— Тьфу, чтоб тебя! — отплюнулся он.
— А я не хочу — га-га-га! — смеялся Янсон.
— Сатана! — сказал надзиратель, чувствуя потребность перекреститься.
Менее всего был похож на сатану этот человечек с маленьким дряблым личиком, но было в его гусином гоготанье что-то такое, что уничтожало святость и крепость тюрьмы. Посмейся он еще немного — и вот развалятся стены, упадут решетки и надзиратель сам выведет арестантов за ворота: пожалуйте, господа, гуляйте себе по городу».
Не нужно никаких умных слов, достаточно «гусиного гоготанья», чтобы уничтожить «святость и крепость тюрьмы», святость и крепость того порядка, на котором основаны тюрьмы, которым оправданы казни.
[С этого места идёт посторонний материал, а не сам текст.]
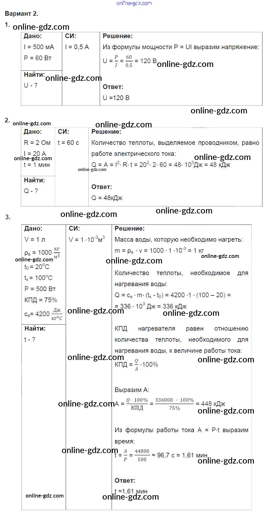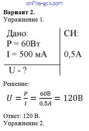 Готовые домашние задания по Физике за 8 класс Дидактические материалы Марон Вертикаль 2016 - СР №10. Работа и мощность тока. Варианты Самостоятельные работы 2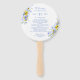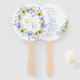 This round, sunflower paper fan is a beautiful way to share present your wedding program to your guests. Personalize the front with your initials and customize the wedding party information on the back. Add your thank you message to your guests for a finishing touch. This wedding hand fan is versatile for yellow and dusty blue wedding colors. This paper hand fan is a great addition to your outdoor summer wedding ideas.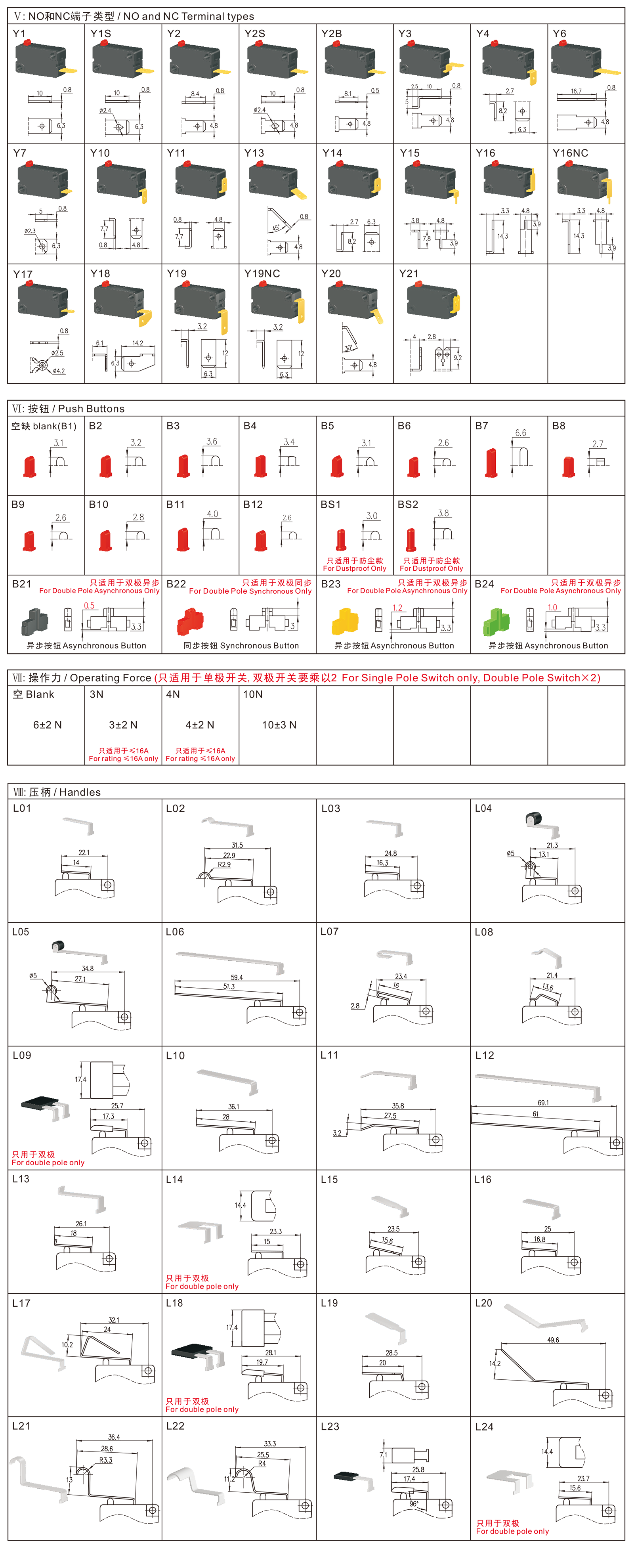 →开关操作力选择范围 Operating force range3N~15N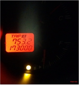 ). W dniu wyjazdu wg. "pływaka" miałem jakieś 3/4 baku. Jak wspominałem, z uwagi na niefabryczne Navi nie mam widocznych funkcji dot. spalania itp. Jakaż była moja radość na trasie, kiedy co jakiś czas zerkam w stronę licznika a ten ledwo drgnie. Mijają kilometry, snuję się sobie ekonomiczne i przepisowe! 90, aż jesteśmy u celu na Litwie a ten może trzy i pół kreski w dół poszedł, gdzie w ojca Coro już bym się zastanawiał gdzie tankujemy by wrócić do domu. Reasumując po powrocie na "małym liczniku" wybiło 740km – wartość raczej nierealna na dotychczas objeżdżonych przeze mnie benzyniakach i jeszcze się rezerwa nie włączyła.

Когда больные, связанные здоровыми, освободятся, то порядок окажется не порядком, а «сумасшедшим домом».
Проснувшись ночью в темной комнате, можно принять полотенце за привидение; но стоит разглядеть полотенце, чтобы привидение исчезло. В «Семи повешенных» Андреев показывает, что полотенце не привидение, что смертная казнь — не правосудие, а убийство, хуже убийства: обыкновенный убийца чувствует или когда-нибудь почувствует, что нельзя убивать, а казнящие этого никогда не могут почувствовать или тотчас же перестанут казнить и начнут убивать. Убийца — зверь; палач — дьявол. О чудовищности смертной казни все говорили; Андреев не говорит, а делает ее чудовищной.
Конечно, и после «Семи повешенных» так же будут вешать, как и прежде. Но так да не так. Сторожевой крик совести раздался, и уже ничто его не заглушит. Ежели все называют черное белым, то достаточно одному сказать, что черное черно, чтобы, рано или поздно, согласились все. Люди ели человеческое мясо — перестали есть; люди казнят — перестанут казнить.
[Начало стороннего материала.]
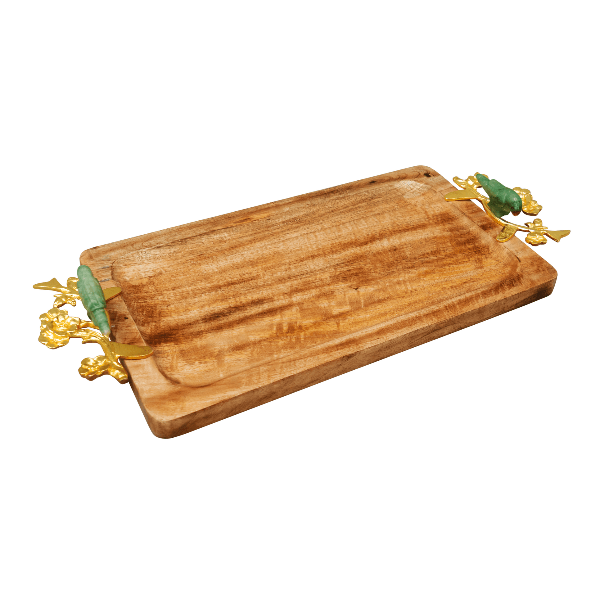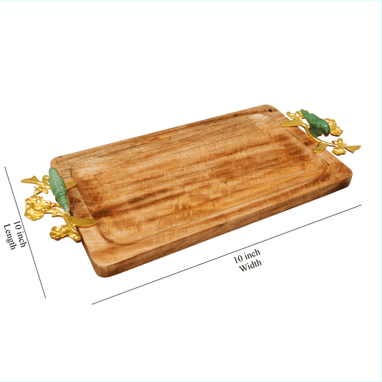 Playful and whimsical parrots accentuate this classic yet contemporary wooden tray, which would be a great addition to your serveware collection. Use it to serve salads, drinks and more. Exquisitely crafted from brass and wood, this is a durable product, when used with car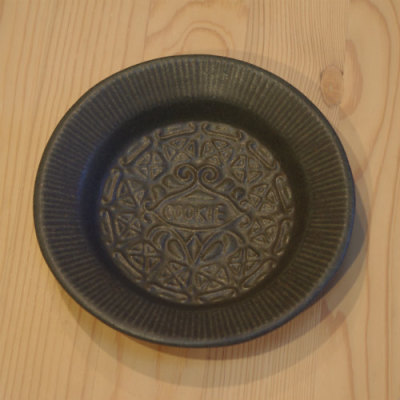 色合いとクッキー模様が、どこかアンティークの雰囲気が感じられるような器です。色はツヤを抑えたチャコール。サイズ:Φ13.5×高さ2.5〜3cm よしざわ窯 陶器 益子焼 日本製

«Ваше благородие, вы хоть мыла-то казенного на удавочку не пожалейте!» — просит чиновника разбойник Цыганок, отправляясь на виселицу.
«Хорошо, хорошо, прошу вас замолчать!»
Нет, не замолчат. Заговорили о веревке в доме повешенного — и отныне все нравственные, юридические, философские, богословские и прочие оправдания смертной казни будут напоминать это «казенное мыло на удавочку». Было страшно, теперь гнусно и смешно каким-то уже не человеческим, а дьявольским смехом. Кого-то из людоедов стошнило — и вдруг для всех людоедство перестало быть «законом природы», законом «существующего порядка». «Меня не надо вешать» — это я знаю сегодня. Никого не надо вешать — это завтра узнают все.
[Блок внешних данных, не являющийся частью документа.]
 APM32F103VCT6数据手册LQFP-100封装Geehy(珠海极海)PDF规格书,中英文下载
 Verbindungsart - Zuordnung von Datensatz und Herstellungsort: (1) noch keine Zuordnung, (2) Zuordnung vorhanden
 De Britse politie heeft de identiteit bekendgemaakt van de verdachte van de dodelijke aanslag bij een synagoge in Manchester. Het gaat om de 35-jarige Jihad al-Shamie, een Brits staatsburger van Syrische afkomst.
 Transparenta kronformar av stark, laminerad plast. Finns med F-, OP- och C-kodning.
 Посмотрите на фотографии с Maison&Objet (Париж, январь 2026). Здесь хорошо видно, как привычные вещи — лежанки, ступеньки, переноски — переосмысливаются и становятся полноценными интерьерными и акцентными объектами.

Как просто! Но самое простое — самое трудное. Тургенев, Достоевский, Л. Толстой говорили о том же. Казалось бы, после них что можно сказать нового? Андреев сказал. Без них, может быть, и его бы не было. Но он все-таки им не подражает, он их продолжает.
Как ни велико общественное значение рассказа, религиозное еще больше. Я говорю: религиозное, и не знаю, не сказал ли я лишнего, не потому, что этого нет в рассказе, а потому, что оно глубже, проще и таинственнее всяких словесных определений. Может быть, и здесь опять «не надо говорить, совестно».
«И это смерть. Какая же это смерть?» — думает Муся перед казнью.
«Если бы собрались к ней со всего света ученые, философы и стали доказывать, что смерть существует, что бессмертия нет, — они только удивили бы ее. Как бессмертия нет, когда уже сейчас она бессмертна? О каком же еще бессмертии, о какой еще смерти можно говорить, когда уже сейчас она мертва и бессмертна, жива в смерти, как была жива в жизни?»
Муся «очень любит», так же как Вернер. Для того, кто любит, нет смерти, потому что любовь есть абсолютное утверждение жизни. Абсолютным утверждением уничтожается абсолютное отрицание, любовью уничтожается смерть. Любовь есть жизнь; кто любит, тот жив, и поскольку любит, постольку жив, бессмертен — «воскрес из мертвых». Любовь не внешнее свойство, не сила души, а сама душа. Любовь не может не любить, душа не может не жить в любви не только будущей, загробной, но и теперешней, здешней вечной жизнью, которая есть не отвлеченное «бессмертие души», а реальное воскресение плоти и духа в совершенном единстве личности. Любовь не путь из этого мира в тот, а совершенное откровение того мира в этом — совершенное соединение двух миров. Любовь не есть познание Бога, любовь есть Бог.